What I'm most nervous for, working. We are going to be helping re-build two homes of resuce workers in New Orleans. Most of our tasks will include cleaning up and dry-walling, simple enough, however... there are a few people on the trip that I would like to put behind the drywall. Hopefully, you all pray for me, that this person wont end up in my group and away from some of my friends on the trip as they all have the same feelings. It isn't that I don't totally like this person, it's just that they ask dumb questions and tend to be more bloned than myself. And no... we are not talking about Matt. Which is another interesting story...

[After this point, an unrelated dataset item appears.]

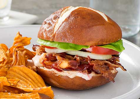 - On bottom half of the pretzel bun, spread chipotle mayo and layer with bacon, lettuce, tomato, onion, and avocado.

So I decided last year that I wanted to do something to help this year. Now a year and a half after hurricane Katrina wiped out most of New Orleans, they still need our help in rebuilding. I'm excited about that, I think. It's been a stressful few weeks and I'm hoping that this break will help me unstress. Anyway, I signed up for this trip way back in October. There were two trips going down and I knew the leaders on both but last semester I was dating Matt Wahl and so I chose his trip. So now two months after the break we are headed down to New Orleans together. It's been so strange. Some, if not most of my stress has been self-induced caused by my personality and the fact that I fight for my friends and that I hold on for way too long. I was sending myself further and further into darkness and I knew that I needed out. It was a real shitty few weeks. And finally, I decided that I had to cut my losses and focus on me. Regardless, Matt and I are not on the best of terms, civil to each other but not really speaking. And, I'm headed 17 hours from home with not only him, but his father. And I know that Matt talked to his dad when we broke up so I don't really know what kind of light Matt painted me in. Mom said it was probably a good thing that his dad was going. It would keep him in line. I think she's right.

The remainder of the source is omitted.